La sfida della sostenibilità include la capacità di far fronte ai cambiamenti economici, sociali e culturali; la priorità di un’azienda non è più limitata alla produttività, realizzando e offrendo servizi di elevata qualità, ma include il soddisfacimento dei bisogni degli attori istituzionali e la riorganizzazione delle “line” e degli “organi di staff” conforme a prassi etiche e socialmente responsabili.
Per far fronte alla globalizzazione sono necessarie non solo nuove competenze, ma anche un management flessibile e contratti di nuova concezione.  Infine, la sfida tecnologica implica l’appropriazione di strumentazioni di ultima generazione e, soprattutto, della “forma mentis 2.0”, espressione con cui si intende una peculiare concezione del tempo e dello spazio, oltre che delle relazioni umane.
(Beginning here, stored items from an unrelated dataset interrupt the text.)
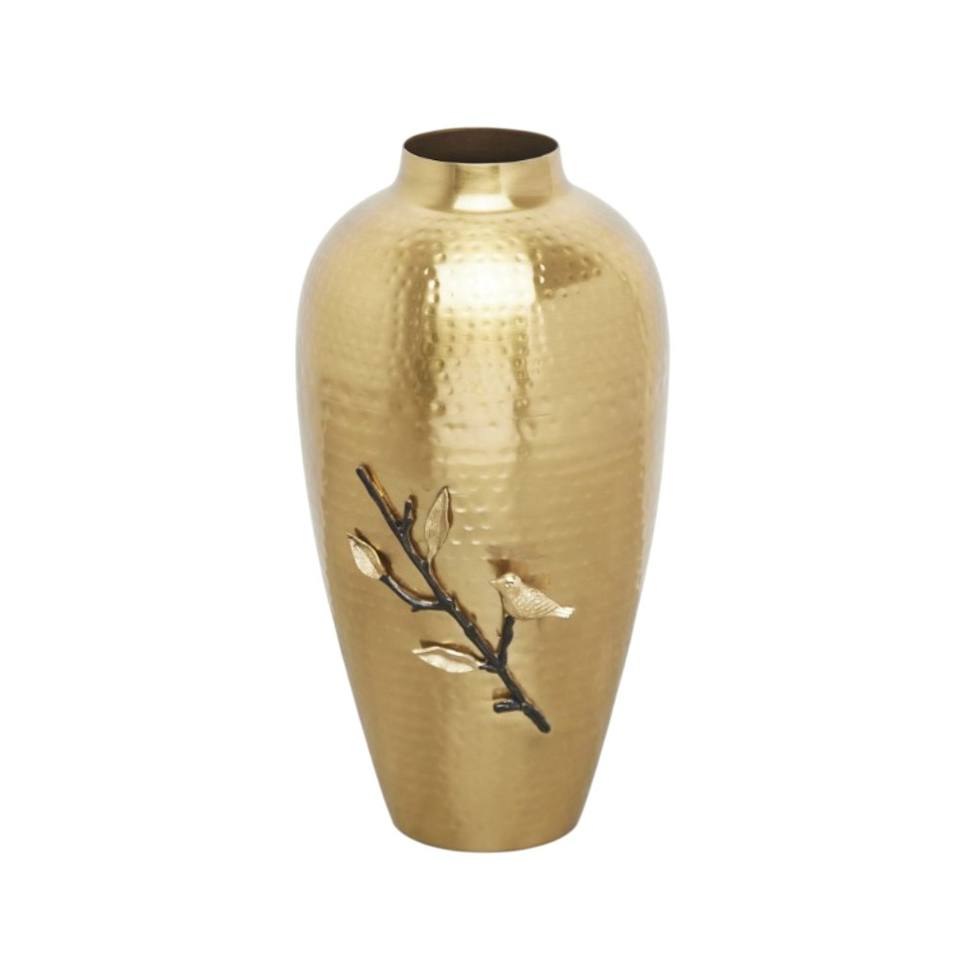 Florero artesanal de latón dorado con forma de Matka con acabado martillado y diseño floral para la decoración del hogar y la Oficina
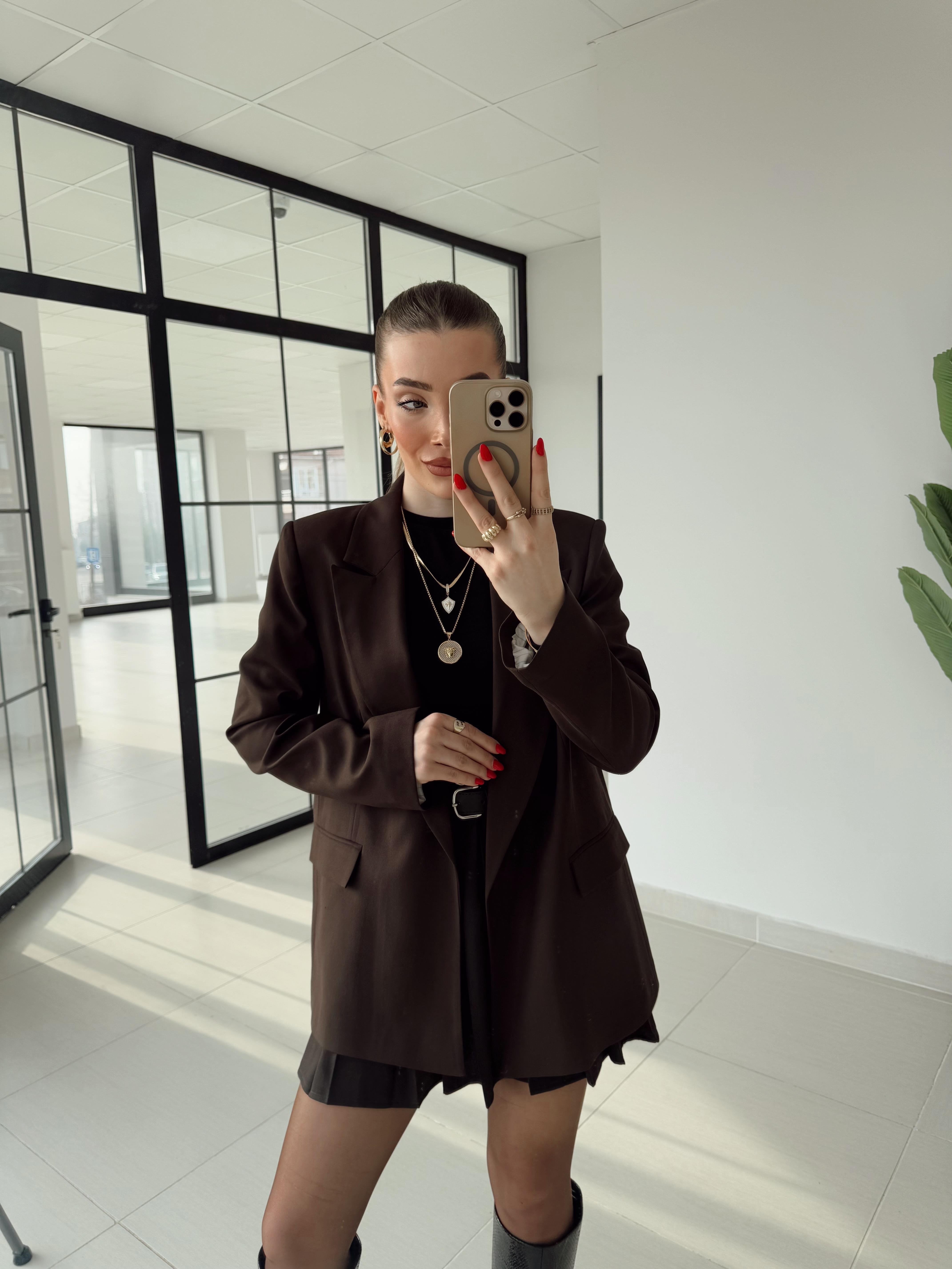 Koyu Kahve Çizgili Astarlı Poliviskon Ceket
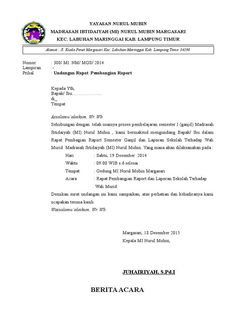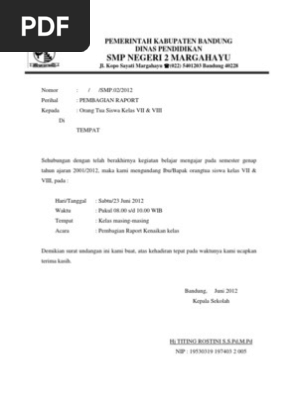 Koleksi Menarik Pembagian Raport Contoh Surat Undangan Resmi Sekolah Sd
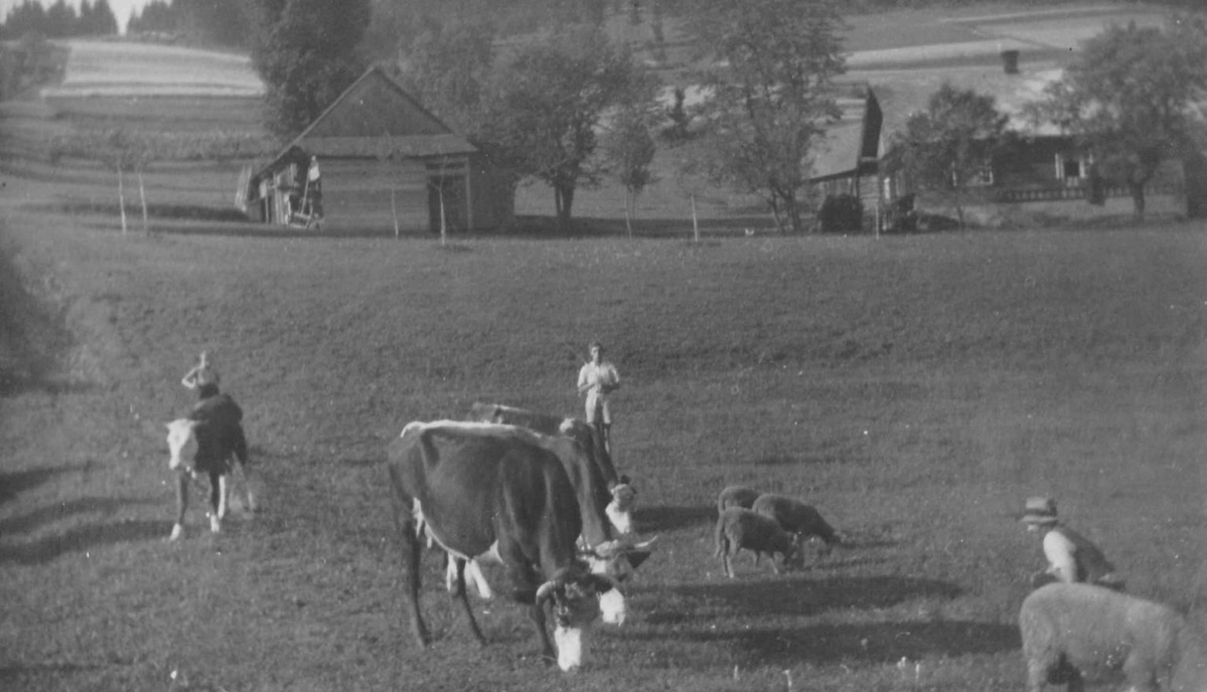 „Tady to si pamatuju jak dnes. S dědou jsme pásli krávy na otavách, už se nepáslo nahoře, jen kolem chalup. A aby nešly na sousedovo, museli jsme jim bránit. Bylo po ránu a najednou se začalo střílet, bylo to slyšet. Děda pravil: ‚Ej, něco sa děje.‘ A potom víc a víc se střílelo a začali i jezdit zezdola financi [němečtí celníci]. Němci si povolali posily a ti, co stříleli, těch bylo hodně. [Partyzáni] byli na tahu a kdesi se srazili s hlídkou. Ta utekla, financové tam zalehli a už stříleli. Je tam taková kaplička na kopečku a od té stříleli [partyzáni]. Němci přijeli autem, vyskákali z něj a nechali ho tak a to jim rozstříleli. I motorku. Měli i psa velikého a i toho jim zastřelili. Němci šli potokem, aby se kryli. Bylo tam chrastí, vrby a křoviny, jenomže ti byli vysoko a dobře na ně viděli a stříleli. Myslím, že dva zabili nebo kolik a poranili. Ale oni [partyzáni] také dostali.“
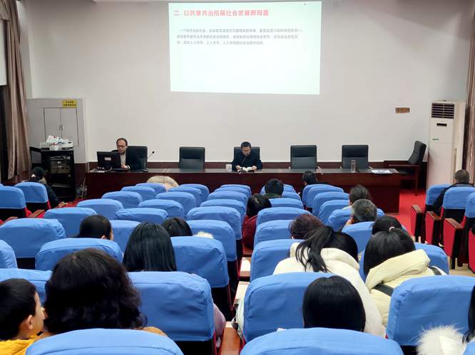 2023年2月10日14:10,学院在致学楼大会议室召开学院教职工大会,开展了2月份政治学习,公司党委书记刘庆言带领全体教职工学习了《习近平谈治国理政》第四卷之十三《以保障和改善民生为重点加强社会建设》的相关内容。
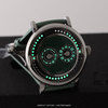 Case: Brushed & polished stainless steel case. Green main dial. Dual raised black & green sub-dials. Fixed position metal indicators with rotating hour & minute discs. Jumping-hour sub-dial at 9 o'clock with luminous numbers. Minutes sub-dial at 3 o'clock with luminous numbers.
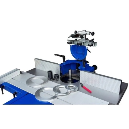 Supplied with set of spindle spacers, table inserts (80mm, 110mm & 150mm), 1/4″ & 1/2″ routing collets, 2.0m power cable, 16amp industrial plug.
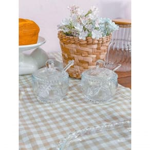 - Composição: 1 Açucareiro Cristal com colher acrílico | 1 Meleira Cristal com pegador acrílico
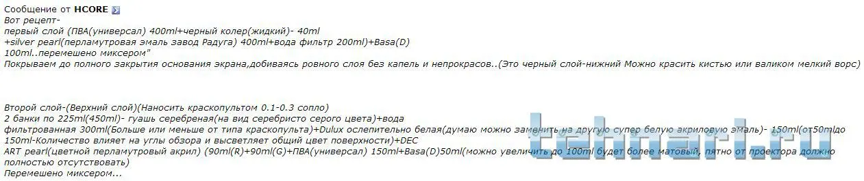 Отлично! Спасибо за совет DDREDD!!! Всё же хочу сначала всё сделать по вашему рецепту!!! Подскажите у вас в рецепте указано ([FONT=&quot]160 ml - Краска акриловая для стен ВД-АК-2180 «Белоснежная» (влагостойкая)? Это тоже VGT??? И про лак? Всё таки матовый или полуматовый????? [FONT=&quot]Полученная[/FONT] смесь я имею ввиду например нижний слой, по вязкости подходит для краскопульта или надо [FONT=&quot]разбавлять[/FONT]???
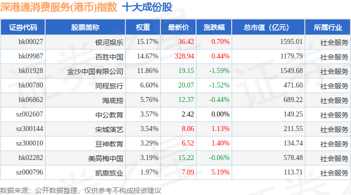 深港通消费服务(港币)(983046)指数十大成份股详情如下:
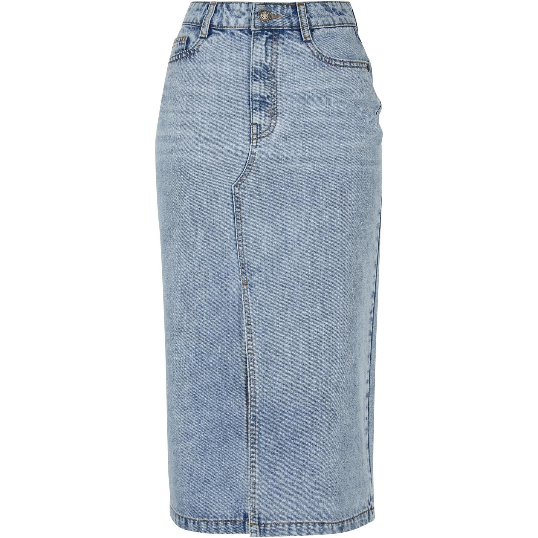 Conçue avec une coupe asymétrique sur le devant et une fente haute, cette jupe en denim longue et droite attire l'attention. Sa taille est dotée de passants, de deux poches latérales, d'un bouton et d'une fermeture à glissière. Son style est complété par deux poches arrière plaquées. La jupe est réalisée en denim de coton lisse et présente une coupe régulière. Tissu extérieur 1 : 100 % coton, 11 oz
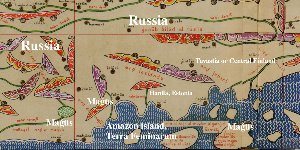 The main source other than OL to use Magus/Magi in context of Finnic peoples is medieval atlas Tabula Rogeriana made by a 12th century Arabian (Islamic) scholar Muhammad al-Idrisi for his European paymaster Roger II. Please see here an early 1900s German copy of the map from the atlas book with north at bottom. The accompanying text mentions "Medsuunah [Medynske?] being a large thriving inhabited city, it's population large and inhabitants are fire worshipping Magi" that is little vague in sense that Finnish, Lappish and Germanic peoples all worshipped or culturally deified fire one way or another. The association with Amazons or Terra Feminarum is attested elsewhere in antiquity and medieval era Finnic peoples (e.g. Adam of Bremen, Tacitus), possibly as corruption of Kvenland (Norse term for Kainuu region) misunderstood as Kvinnaland ('woman-land') or Naissaar of Estonia ('woman-island').
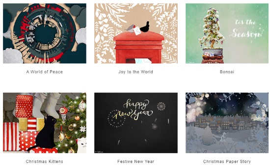 You can also explore for Christmas ecards with amazing animations. The site has a good number of greeting cards that depict different stories. You can pick any card and simply send a card by email. You can also share the card via Facebook, Twitter, and WhatsApp.
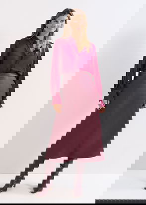 Long Sleeve Midi Collared Knitted Dress In Dark Red Burgundy
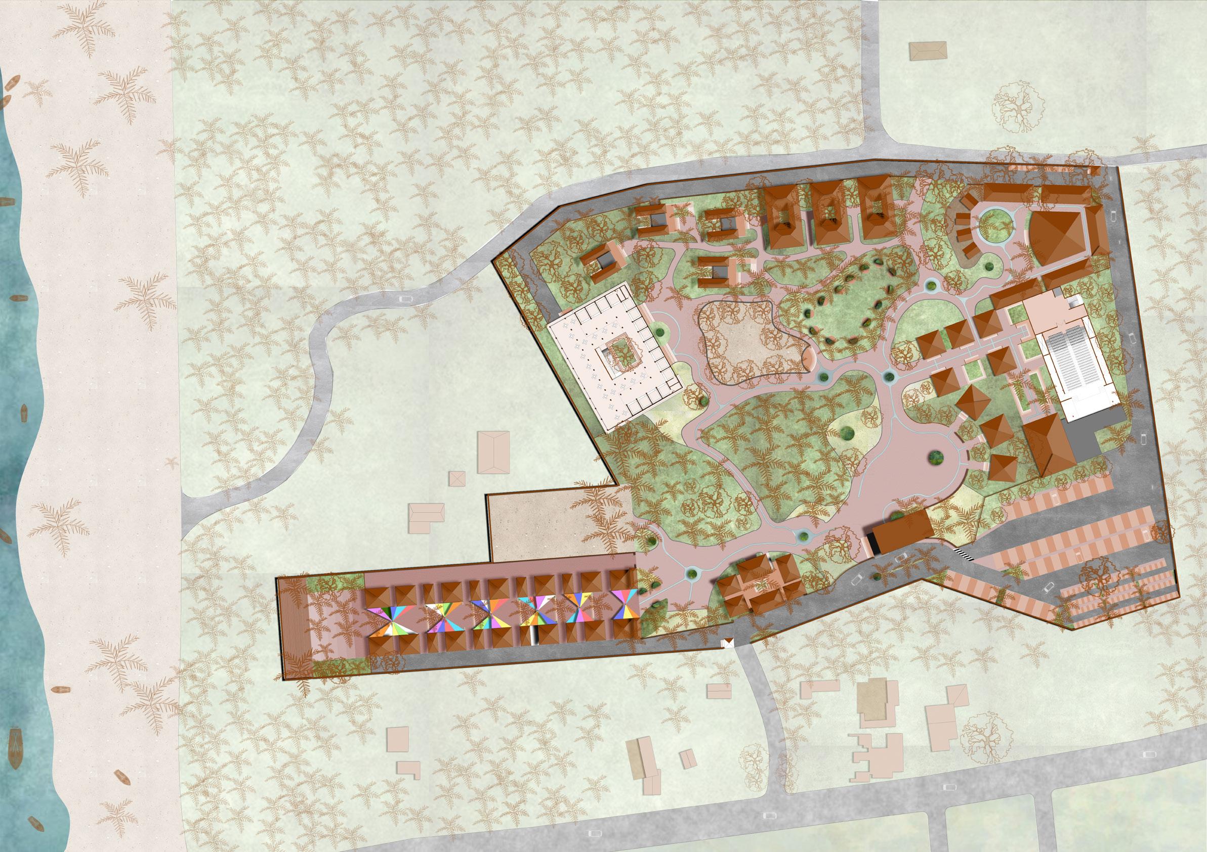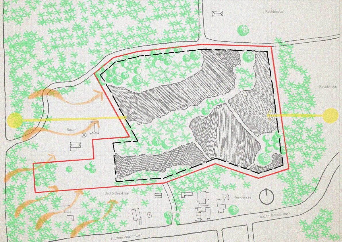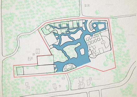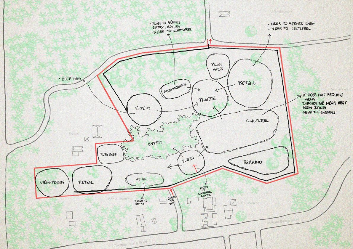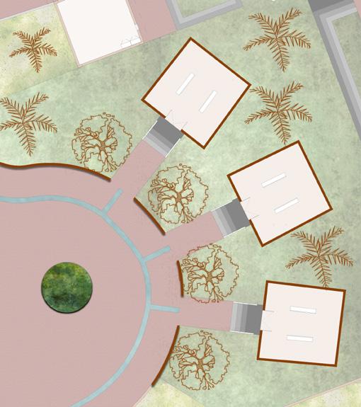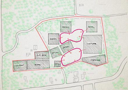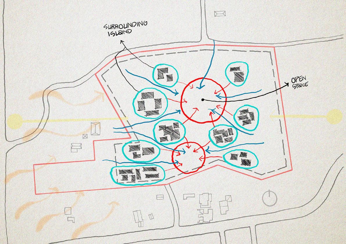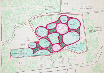 Creating free flowing pathways to enhance the surpricing experience. Using earth berms as an element for visual conncetivity between spaces.

Il progetto Mobile H.R. intende offrire un contributo concreto al mercato economico del Salento per fronteggiare queste sfide.

Contesto di riferimento

L’introduzione di forme contrattuali di lavoro alternative al “tempo indeterminato” ha dato vita al fenomeno sociale denominato “lavoro atipico” che, a partire dal 1997, ha prodotto notevoli cambiamenti culturali. All’evoluzione del mercato del lavoro non si àncorano soltanto mutamenti di ordine economico e legati all’occupazione-disoccupazione, ma riguardano soprattutto il rapporto tra lavoratore e lavoro. La rassicurante identità di lavoratore, che fino a trenta anni fa era garantita dal “posto fisso”, oggi lascia il passo alla mobilità, alla frammentarietà e all’individualismo. L’introduzione della flessibilità ha messo in crisi il significato del lavoro quale dimensione dominante nel percorso di realizzazione personale e professionale da un lato, e nei processi di integrazione e coesione sociale dall’altro.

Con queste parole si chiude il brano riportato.